Acharya M Hiriyanna’s teaching knew no retirement age. On a more profound plane, M. Hiriyanna as a preceptor and Acharya reveals to all of us living in the present time a glaring virtue; glaring because it is largely absent—the virtue of Vyaktiprabhava or the transformative force of personal conduct of a teacher. N. Shivarama Sastri observes in the foregoing tribute to his Guru how M. Hiriyanna’s students knew more about him than his own relatives did. It is for this reason also that he was widely revered as the Sage of the Maharaja College, Mysore. No student or seeker of knowledge who came to him returned with an empty stomach. They returned with a fuller intellect and an enriched inner life.

To earn this kind of preeminence is no small feat when we consider the fact that Acharya M. Hiriyanna lived in the prime of the era of the Modern Indian Renaissance (roughly the century between the mid 19th – mid 20th century), which was populated by such colossuses as P.V Kane, Balagangadhara Tilak, R.G. Bhandarkar, Ganganath Jha, V.S. Sukhthankar, S. Kuppuswami Sastri, and traditional Pandits like Kunigal Ramasastri, Hanagal Virupaksha Sastri, Bellamkonda Ramaraya Kavi, etc.

Also Read
Luminaries of the Modern Indian Renaissance: Or a Commentary on Our Civilisational Amnesia

A Model of Sanatana Erudition

At the present time, Acharya M. Hiriyanna is perhaps one of the most brilliant models and guides available to us to study and learn about the erudition, art, and craft of how we can reinvigorate and preserve the continuity between the best ideals and traditions of Sanatana Bharatavarsha and respond to ideas informed by the onslaught of Western ideas, trends and fashions. Indeed, few scholars and thinkers of his era had the ability and equipment to make Sanatana wisdom and philosophy ever-relevant, in a timeless sense, to any age with such economy of words, lucidity of thought and such grace in expression.

For example, when he writes that “Vedanta is the art of right living more than a system of philosophy,” we are left speechless at the simple, truthful profundity of this statement. We also intuitively grasp the truth that it takes a lifetime of dedicated penance to arrive at such simple acuity. In fact, an honest study of Acharya M Hiriyanna’s body of work is a great education in and by itself as to how to think and write clearly, patiently, and truthfully.

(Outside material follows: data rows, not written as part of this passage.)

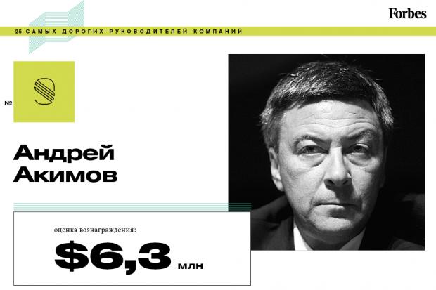 Андрей Акимов начинал свою карьеру с Внешторгбанка СССР в 1974 году, а уже с 2002 года и по сей день Акимов занимает пост председателя правления Газпромбанка. В 2015 году руководитель работал в советах директоров таких корпораций, как "Газпром", "Новатэк" и "Роснефть", в итоге его труды были оценены в 1,1 млн. долларов.
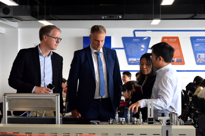 Wang Qidong begleitete Alexander Schmemann und sein Gefolge bei der Erkundung der Fakult?t der Energie, Materialien und Chemical Engineering und das Volkswagen Institut.
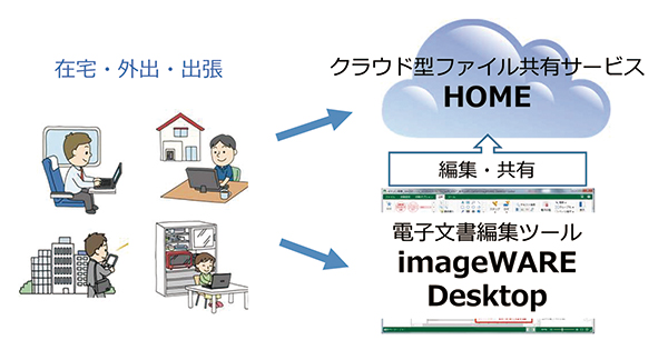同サービスを利用することにより、クラウドストレージ格納で自宅からも文書アクセスを可能にし、あらかじめ在宅勤務時などに会議配布用の事前準備を行うことなど、場所を選ばずに活用できる。
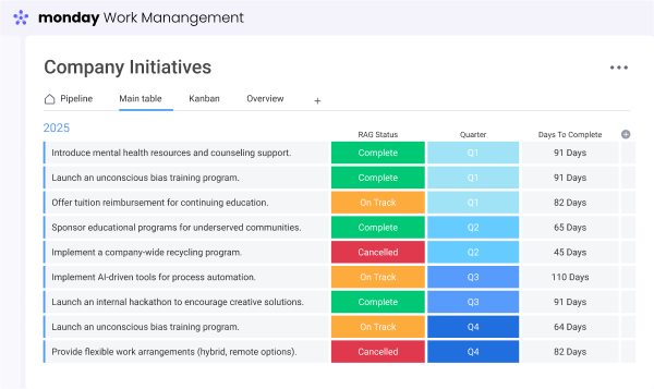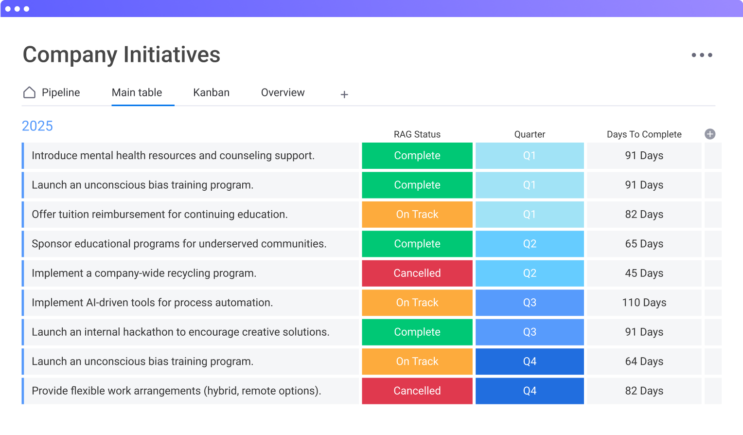A solution that helps organizations structure and track initiatives at the company, division/region, department, and project levels.
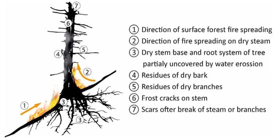 Depending on the type of habitat, natural regeneration processes, and thus the rate of decomposition of the most flammable material, it can take 5 to 10 years and occasionally much longer [,]. Many studies have indicated that lying deadwood from wind disturbance can reduce browsing pressure on young seedlings due to the barrier effect []. On the other hand, in bark beetle-destroyed forest stands, due to increased sunshine and decreased shadow, there is a decrease in natural humidity in the area, which affects various organisms and leads to a slowing of the decomposition processes of the accumulated flammable material []. Another problem in relation to forest fires lies in the gradual drying out of standing dead trees due to alternating precipitation, sunshine, frost cracks, or partial breaks (breaking off of branches and tree tops). The integrity of the tree trunk is gradually weakened, and the area of surfaces suitable for heating and burning increases (principle of woodchips). In the case of a forest fire, the entire standing trunk can gradually burn, as demonstrated in Bohemian Switzerland National Park (Figure 8). Research carried out in the Polish complex of the Białowieża Forest damaged by bark beetles showed that approximately 10 years after dying, dead spruces were practically devoid of branches. Some of the dead trees were lying, and some were still standing; however, they did not pose a significant threat to the spread of fires. The same research years before showed that in the first 3 years after dying, the trees were mostly standing and had most of their branches. As a result of the systematic falling of trees and branches, a loose spatial structure is created that allows grass-like vegetation to develop on the ground. Grass cover poses a serious danger for fire ignition and rapid spread. When analyzing the decay of the spruce stand over time, researchers found that the susceptibility of potentially combustible material to ignition and fire spread was highest in the initial phase and reached a maximum in the 2nd to 3rd year. (This chapter is supported by long-term research in Bialowieza Forest see, [,,,]).
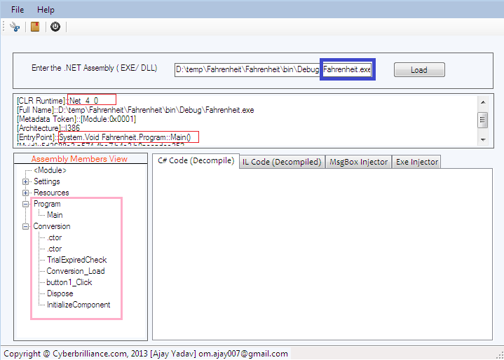Typically, we first read the assembly path and enumerate the contents residing in the assembly using an Enumerator. This software does not gather massive information held in any information. We usually are showing the disassembling mainly of methods.
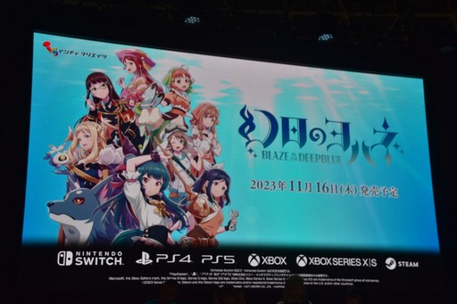 続いて行われたのが,2023年11月16日に発売が予定されている2Dアクションゲーム「幻日のヨハネ -BLAZE in the DEEPBLUE-」(PC / PS5 / PS4 / Xbox Series X|S / Xbox One / Nintendo Switch)の情報公開だ。プレイヤーが主人公のヨハネとなって相棒のライラプスと共に謎の海底ダンジョンに消えた仲間たちを探し求めるストーリーが展開される。
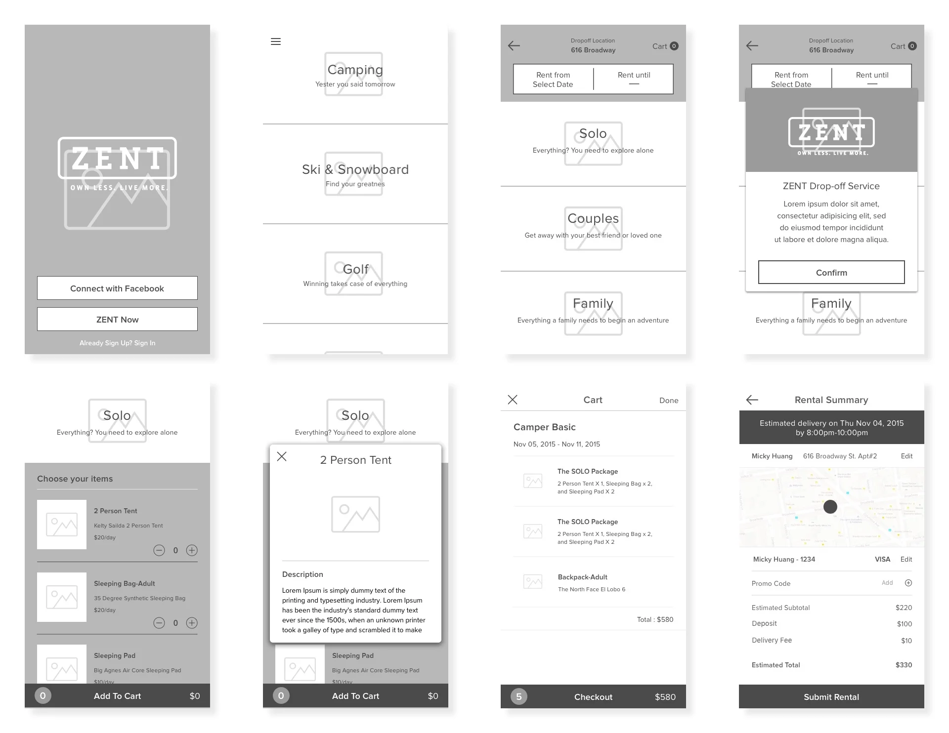 ZENT設計一個移動應用程序,讓用戶能透過平台快速且輕鬆得租用戶外設備,且送貨到府的服務,此外,用戶還可以訂定歸還設備時間且預約UPS上門取貨,這對用戶來說是更加便利的。設計上,採用清晰明瞭的信息呈現,我們將活動分類,用戶可以擁有個性化的選擇設備,也可選擇平台已幫您配置好的物品進行承租,所以我們設計的分類方式,可讓用戶更加便利的選擇租賃,所有的下單進度,也可在APP中查詢得到。歸還流程,我們也設計達到一鍵歸還,不需要用戶自行拿去歸還或者去快遞公司寄回,預約時間會有UPS上門收件。

Strictly compared to some of his more prolific peers, Acharya M. Hiriyanna’s body of writing is not much but it is qualitatively substantial and offers highly original insights into some fundamental areas such as Vedanta, Aesthetics, and the Sanatana Value System. His perennial classics include The Essentials of Indian Philosophy, Outlines of Indian Philosophy, The Quest for Perfection and Art Experience. Apart from their lasting value, these works are a treasure-chest of quotable quotes on various aspects of Indian philosophy and Aesthetics.

Acharya M. Hiriyanna as an Antidote to Western Indology

Then, we have another sphere in which Acharya Hiriyanna not only becomes relevant, he urgently becomes inevitable—today more than ever before. This is in the domain known as Indology, Indic Studies and such other abhorrent terminology applied to a truly noble discipline, which should be called by its proper name: Darshana Sastra.

Today, this sphere resembles a political and ideological battlefield and not an academic discipline by any definition of the term. Over the last seven decades, it has largely been hijacked by Western political, imperialistic and bigoted ideologues and their Indian foot soldiers. Barring a handful, there is a near-vacuum of authentic and penetrating scholarship that can counter these ideologues in the garb of academics and offer an authoritative and genuine homegrown alternative rooted in truth and pure philosophy, not ideology.

When we contrast this dismal scenario with the calm, confident, and systematic manner in which Acharya M Hiriyanna debunked and demolished a prolonged queue of Western Indologists beginning with Max Mueller, we can only remain wistful today.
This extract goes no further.